- [EXERCISE] With pictures excluded, retype exactly every line from the one containing "Size: JQ-2922:150*113mm/不銹鋼款1300ml" to the end of the records below.

________________

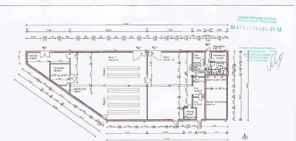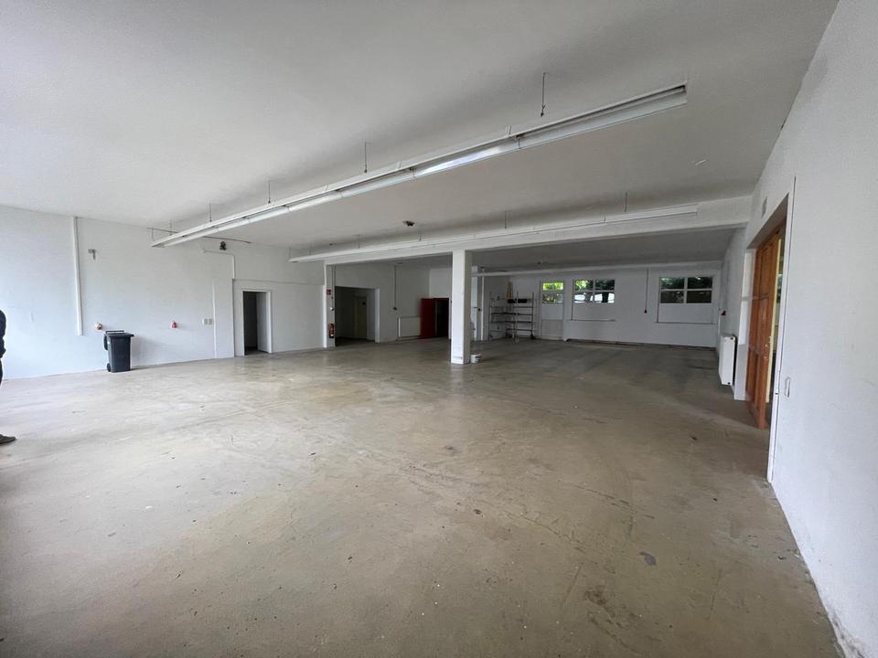 Neben der großzügigen Hallenfläche stehen funktionale Nebenräume zur Verfügung, darunter ein Pausenraum für Mitarbeiter, ein separates Meisterbüro sowie getrennte Sanitäranlagen für Damen und Herren.
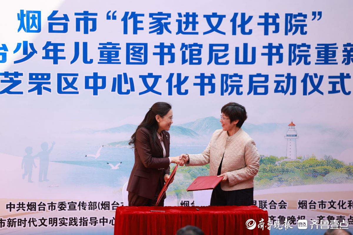 活动现场,芝罘区与烟台图书馆签约,正式启动芝罘区中心文化书院建设。
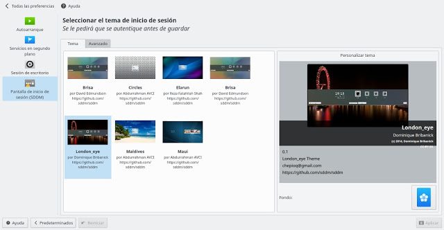 Nota: En el módulo de “Pantalla de inicio de sesión (SDDM)” existe la opción de cambiar el fondo pero a fecha de hoy no me funciona correctamente.
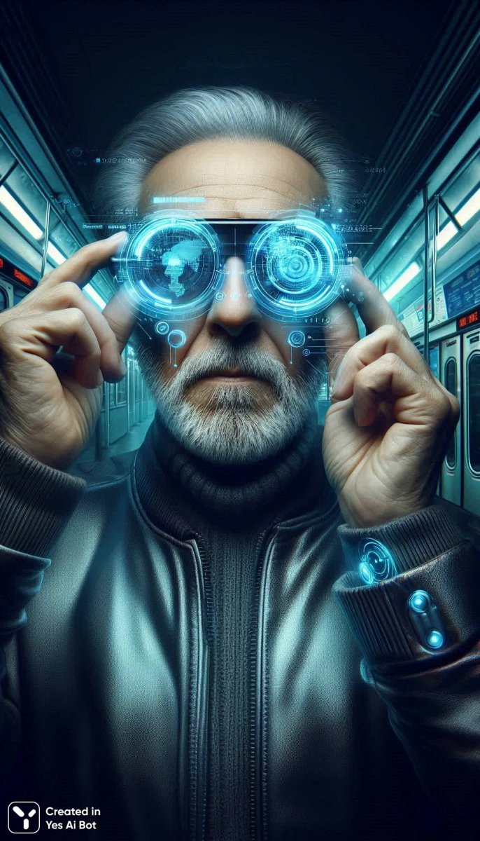 Пожилой мужчина с заботливым выражением лица аккуратно подстраивает футуристические прозрачные умные очки. Возле его лица зависли цифровые голограммы, словно ожившие проекции, демонстрирующие детализированные карты города будущего. Мягкое голубое свечение деликатно освещает тонкие морщинки на лице, рассказывая историю прожитых лет и мудрости. На нем надета элегантная куртка из матового шлифованного металла, добавляющая образу современный штрих. В воздухе чувствуется оживленная атмосфера шумной подземки, наполненная движением и энергией. Изображение выполнено в виде трехмерной визуализации в узнаваемом стиле Pixar, с акцентом на выразительных глазах, которые отражают смесь любопытства и легкой задумчивости. Кажется, будто застывший момент времени переносит нас в недалекое будущее, где технологии гармонично интегрированы в повседневную жизнь. Цифровые элементы, такие как голографические карты, создают ощущение инноваций и прогресса. Тщательно проработанные металлические текстуры куртки добавляют реалистичности и детализации изображению. Качество изображения достигает поразительных 1024K, обеспечивая невероятную четкость и детализацию каждой линии и поверхности. Это яркий пример будущего, где передовые технологии сочетаются с человеческим опытом, создавая завораживающую картину. Использование cgi позволяет создать нереалистичную, но притягательную атмосферу, захватывающую воображение зрителя
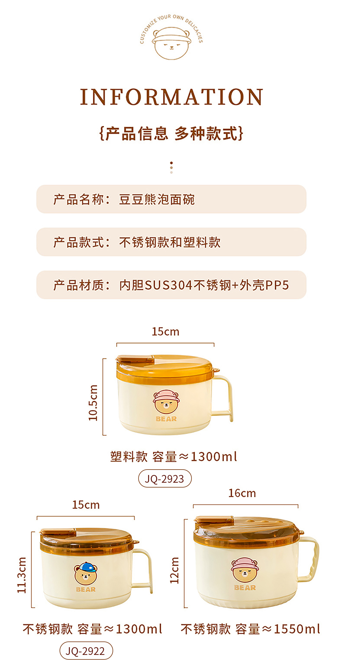 Size: JQ-2922:150*113mm/不銹鋼款1300ml
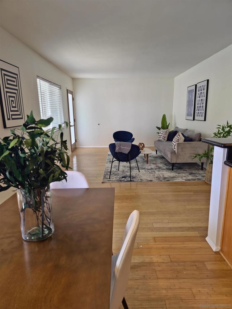 Contemporary and stylish University Heights 2nd floor, move-in ready condo near Adams Ave. Modern/upgraded upper unit with open floorplan. Full of light with an open view from the walk-out private balcony. Small, quiet, dog-friendly, gated complex with bike storage, and off-street, assigned parking. Condo features 2 bedrooms. Large master with walk-in closet. In-unit washer/dryer, bamboo hardwood flooring throughout, stainless appliances, granite countertops, raised glass basin vanity, Dining area sliding doors to private balcony. Walking/biking distance to Adams Ave. and all of the hottest eateries, coffee shops, and shopping. Popular part of San Diego. Quiet yet close to the action. Live the ultimate walkable San Diego lifestyle.
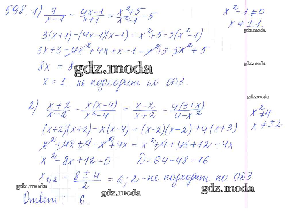 ОТВЕТ на задание № 598 Учебник по Алгебре 10 класс Колягин Базовый и углубленный уровень
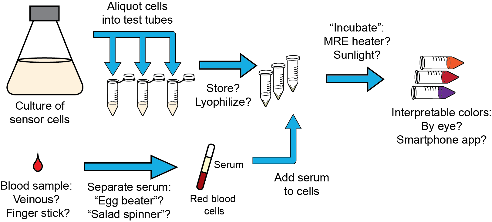 Figure 1: Our initial vision for test manufacture and minimal-equipment interpretation, with uncertainties in implementation indicated.

________________

- [PROBLEM SOLUTION]
 Size: JQ-2922:150*113mm/不銹鋼款1300ml
 Contemporary and stylish University Heights 2nd floor, move-in ready condo near Adams Ave. Modern/upgraded upper unit with open floorplan. Full of light with an open view from the walk-out private balcony. Small, quiet, dog-friendly, gated complex with bike storage, and off-street, assigned parking. Condo features 2 bedrooms. Large master with walk-in closet. In-unit washer/dryer, bamboo hardwood flooring throughout, stainless appliances, granite countertops, raised glass basin vanity, Dining area sliding doors to private balcony. Walking/biking distance to Adams Ave. and all of the hottest eateries, coffee shops, and shopping. Popular part of San Diego. Quiet yet close to the action. Live the ultimate walkable San Diego lifestyle.
 ОТВЕТ на задание № 598 Учебник по Алгебре 10 класс Колягин Базовый и углубленный уровень
 Figure 1: Our initial vision for test manufacture and minimal-equipment interpretation, with uncertainties in implementation indicated.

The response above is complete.